EXERCISE DETAILS:
Your answer must be the exact lines from the one holding "Ensemble nuisette peignoir" through the last line of the records below, with no pictures.

RAW DATA:
____________________
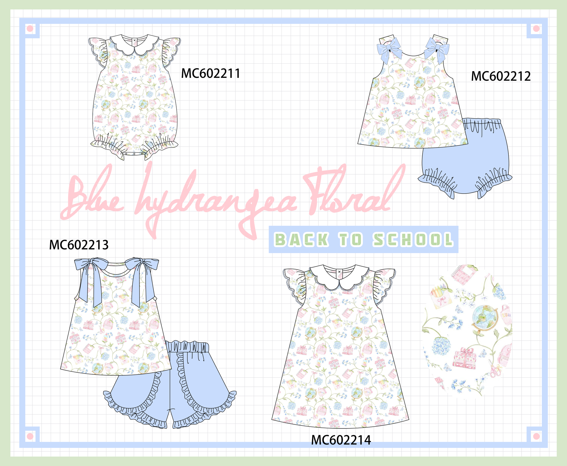 PO81 Blue hydrangea floral ruffle collection
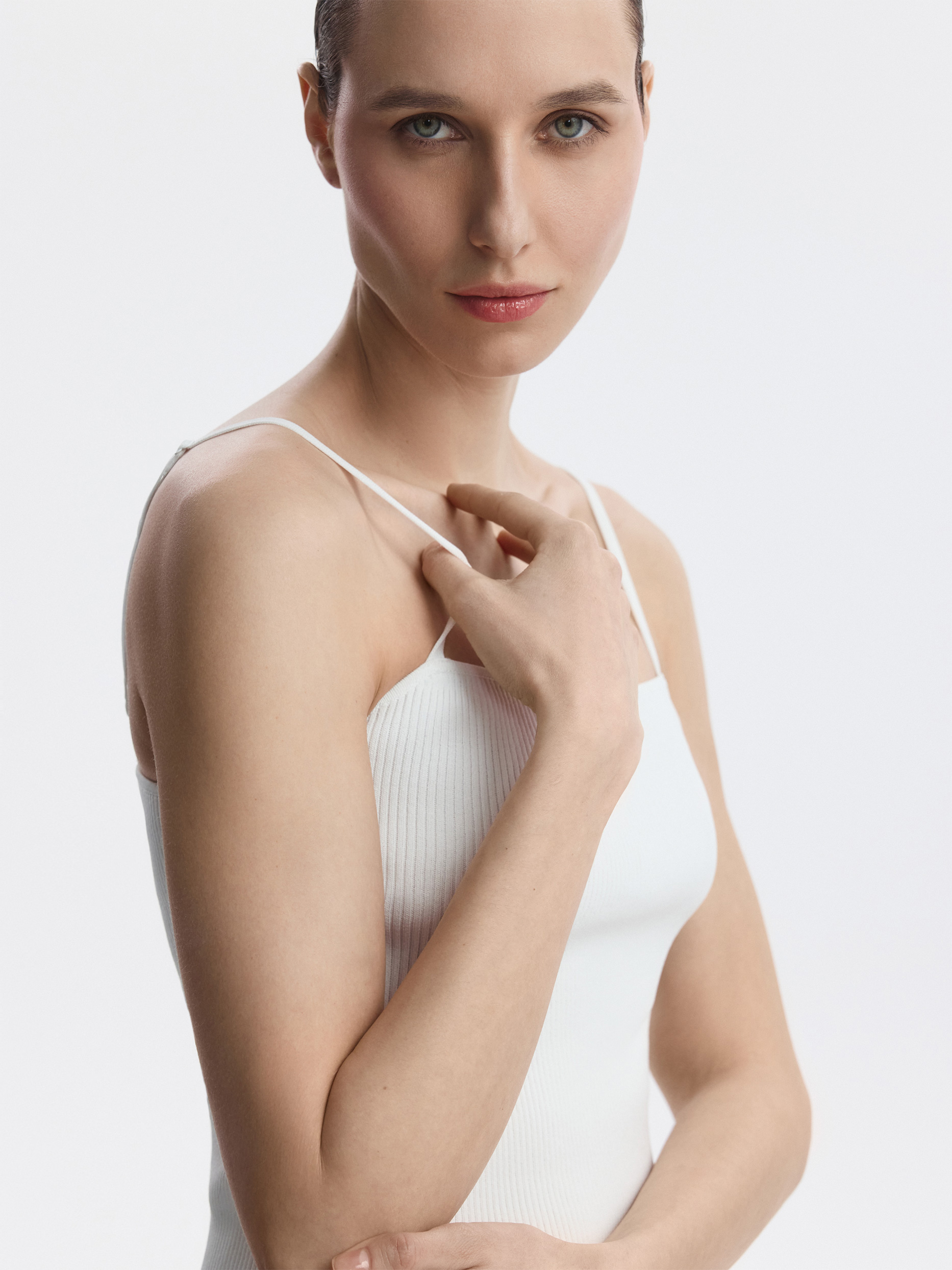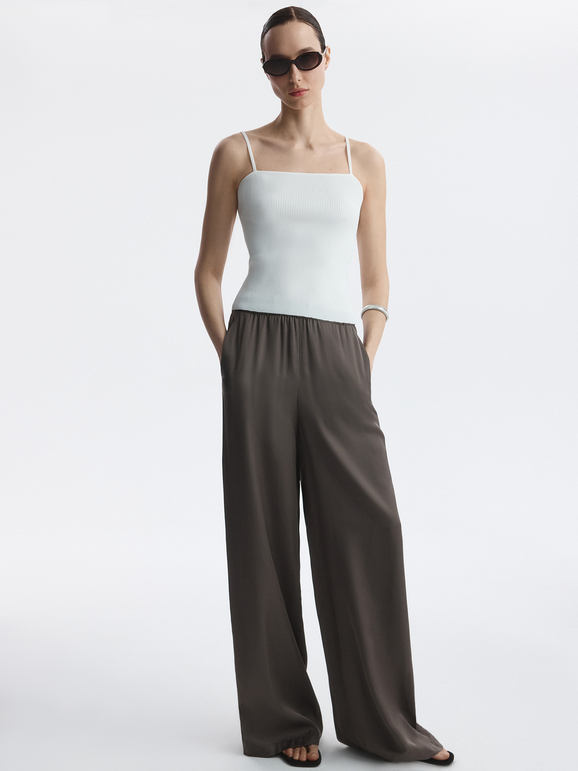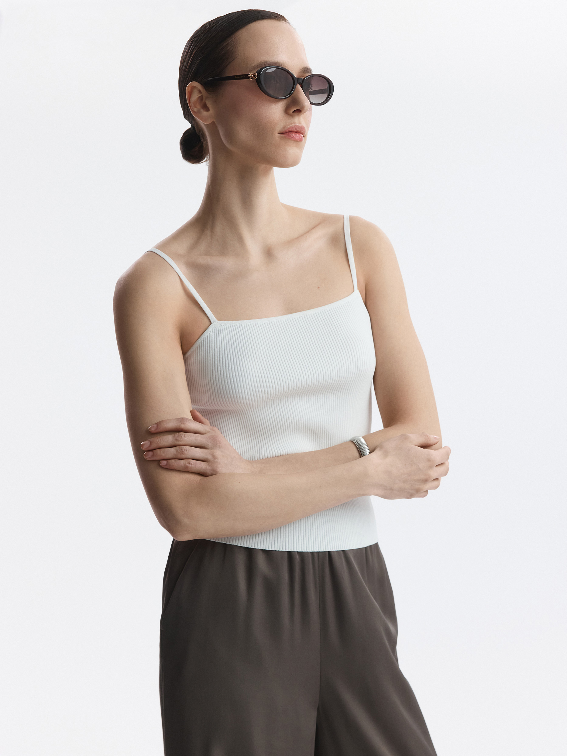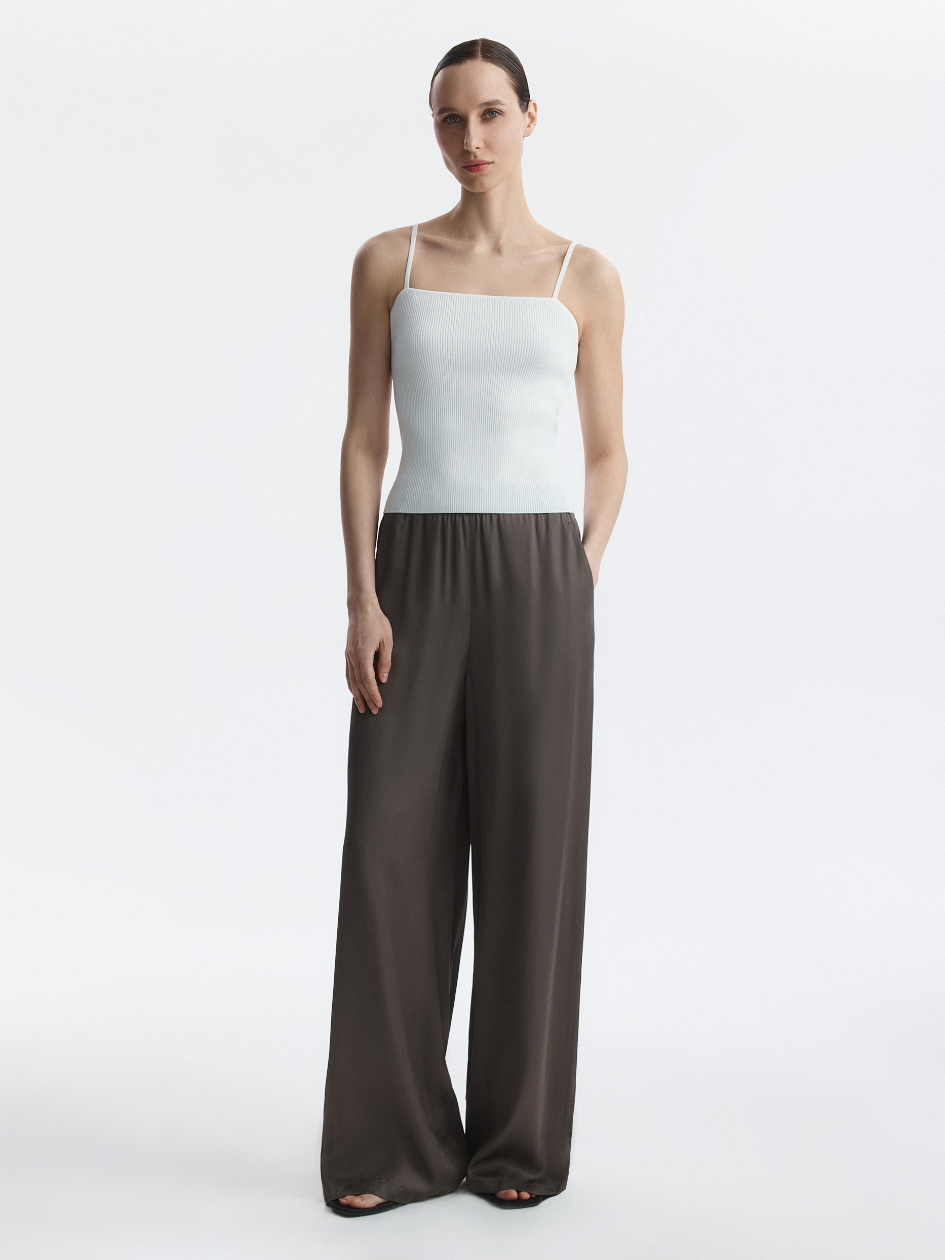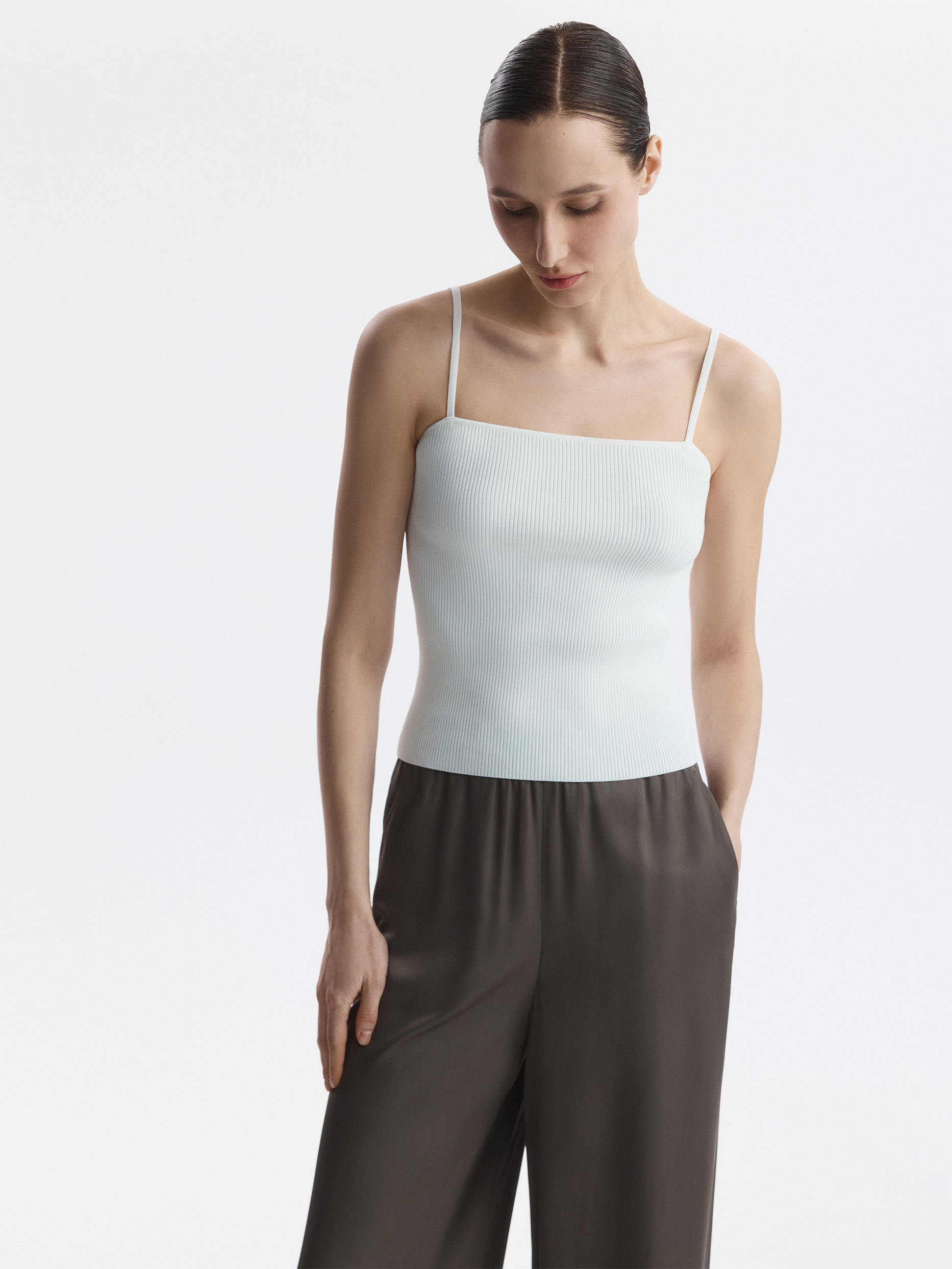 Топ на бретелях может быть разным, в зависимости от того, с чем его носить – сам по себе или под рубашку. Тонкий дышащий трикотаж из вискозы в рубчик мягко прилегает, а благодаря эластичным волокнам хорошо тянется. Длину бретелей можно регулировать для оптимальной посадки.
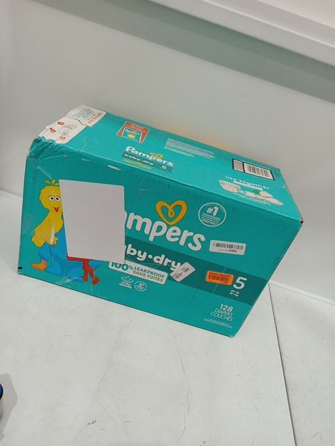 128PK PAMPERS BABY-DRY DISPOSABLE DIAPERS - SIZE 5 - 27+ LBS - SESAME STREET
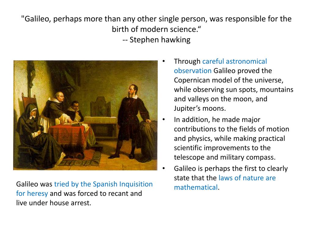 "Galileo, perhaps more than any other single person, was responsible for the birth of modern science.“-- Stephen hawking • Through careful astronomical observation Galileo proved the Copernican model of the universe, while observing sun spots, mountains and valleys on the moon, and Jupiter’s moons. • In addition, he made major contributions to the fields of motion and physics, while making practical scientific improvements to the telescope and military compass. • Galileo is perhaps the first to clearly state that the laws of nature are mathematical. Galileo was tried by the Spanish Inquisition for heresy and was forced to recant and live under house arrest.
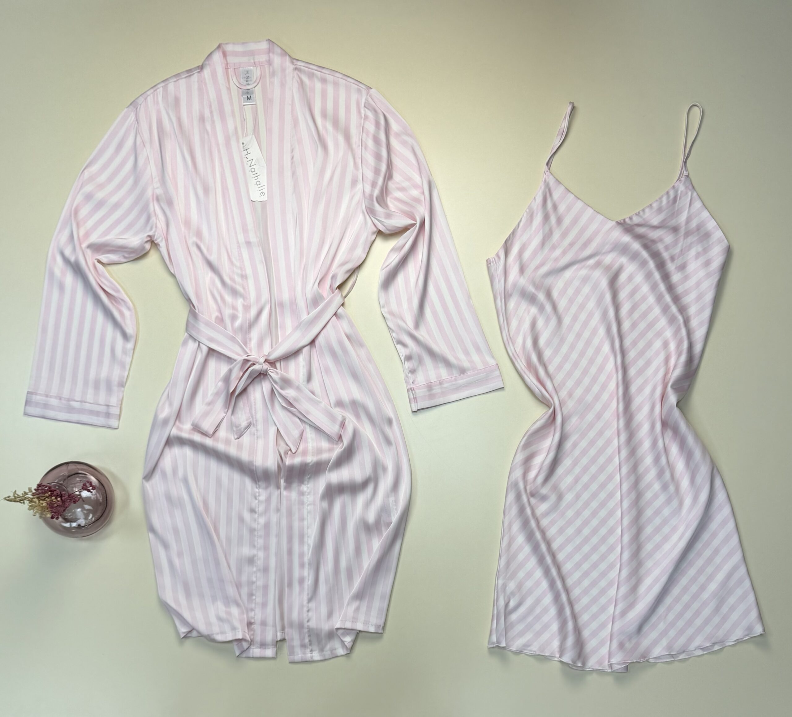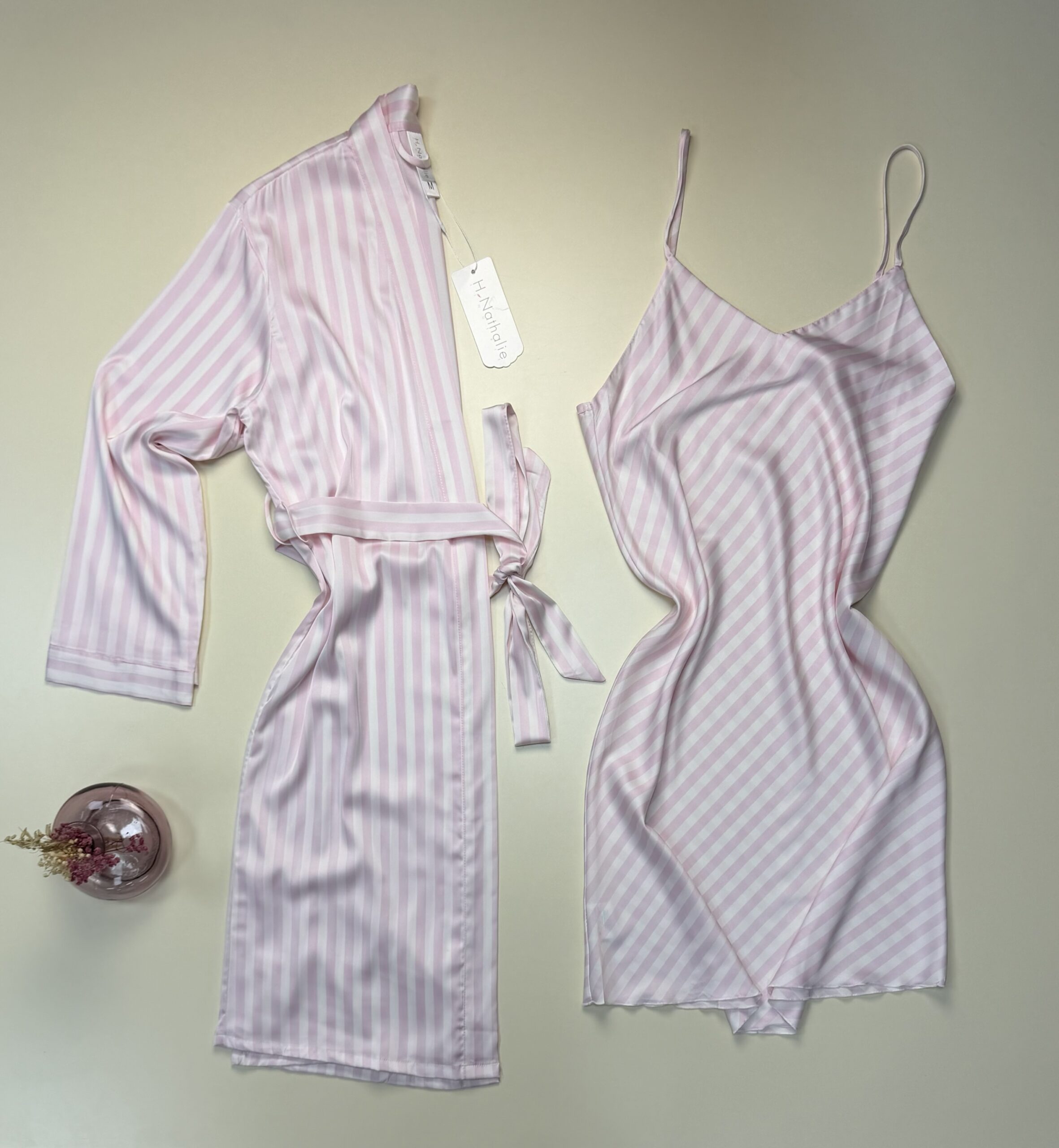 Ensemble nuisette peignoir » rose clair à rayures «
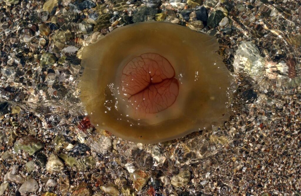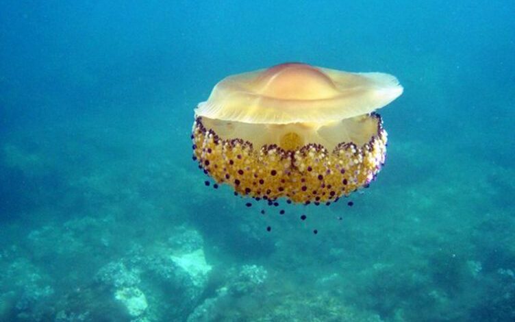 Πρόκειται για μέδουσες “Cotylorhiza tuberculata”το οποίο εμφανίζεται στα νερά της χώρας μας εδώ και περίπου 50 χρόνια.
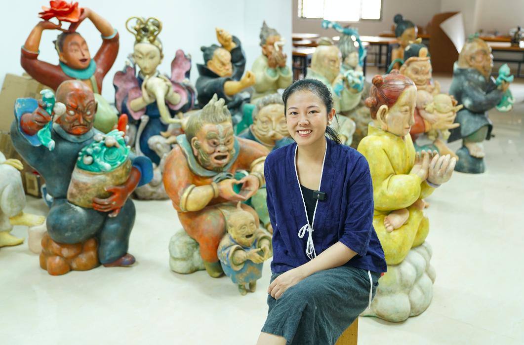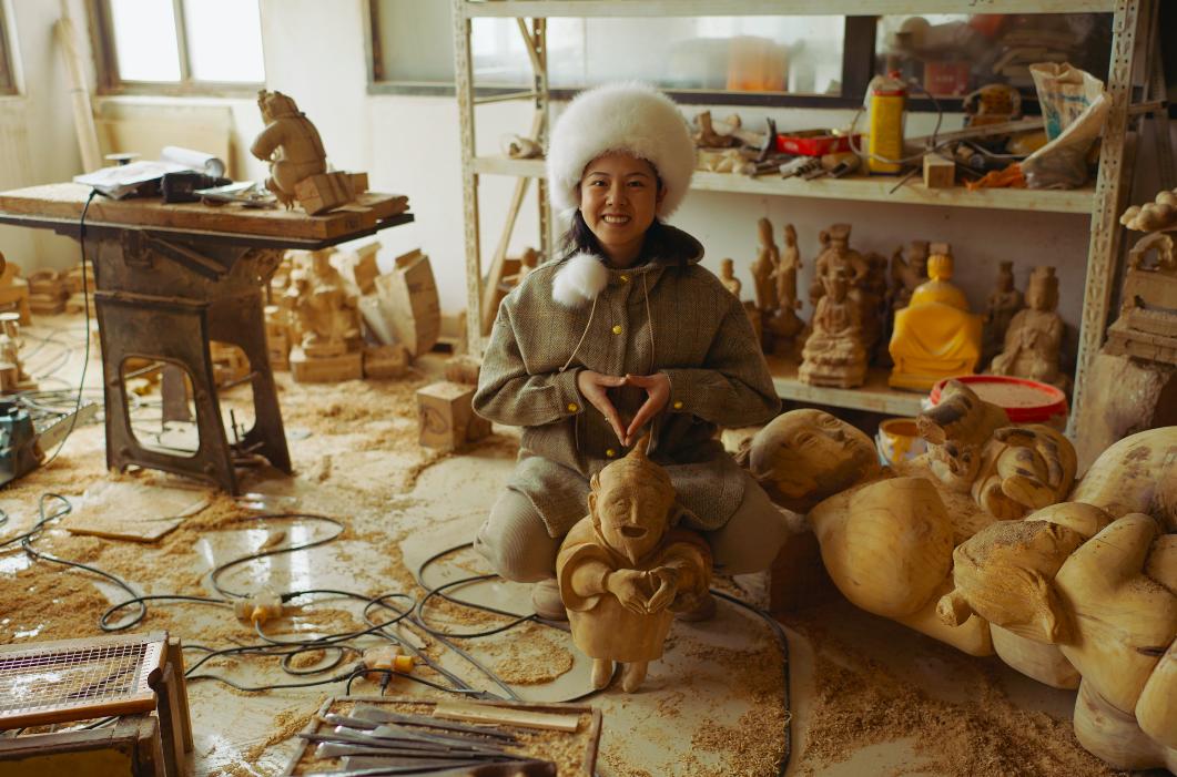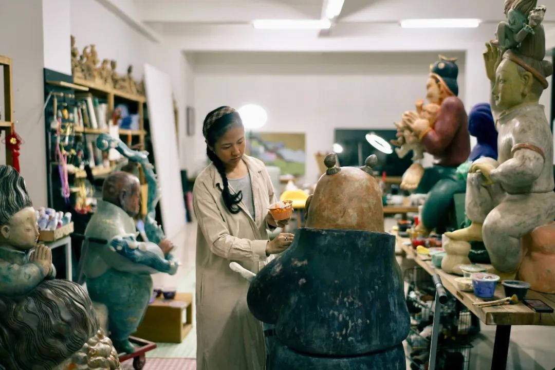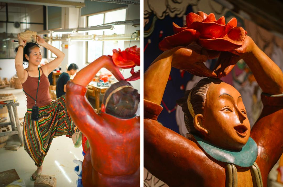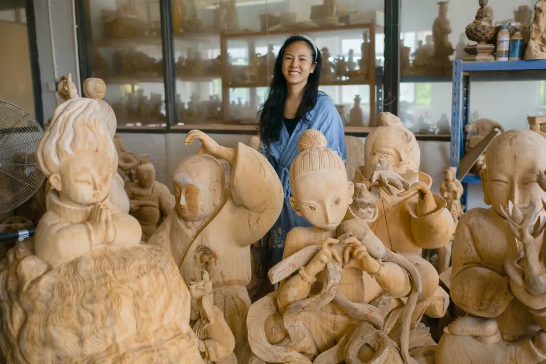 在这里,木雕师傅、漆线雕师傅、打磨师傅、做坯师傅,随时随地反馈我的需求。我的雕塑小稿给到他们,出来的效果能达到90%的复刻,之后师傅还可以进行非常细微的细节调整。
____________________
SOLUTION FOR THIS TASK:
 Ensemble nuisette peignoir » rose clair à rayures «
 Πρόκειται για μέδουσες “Cotylorhiza tuberculata”το οποίο εμφανίζεται στα νερά της χώρας μας εδώ και περίπου 50 χρόνια.
 在这里,木雕师傅、漆线雕师傅、打磨师傅、做坯师傅,随时随地反馈我的需求。我的雕塑小稿给到他们,出来的效果能达到90%的复刻,之后师傅还可以进行非常细微的细节调整。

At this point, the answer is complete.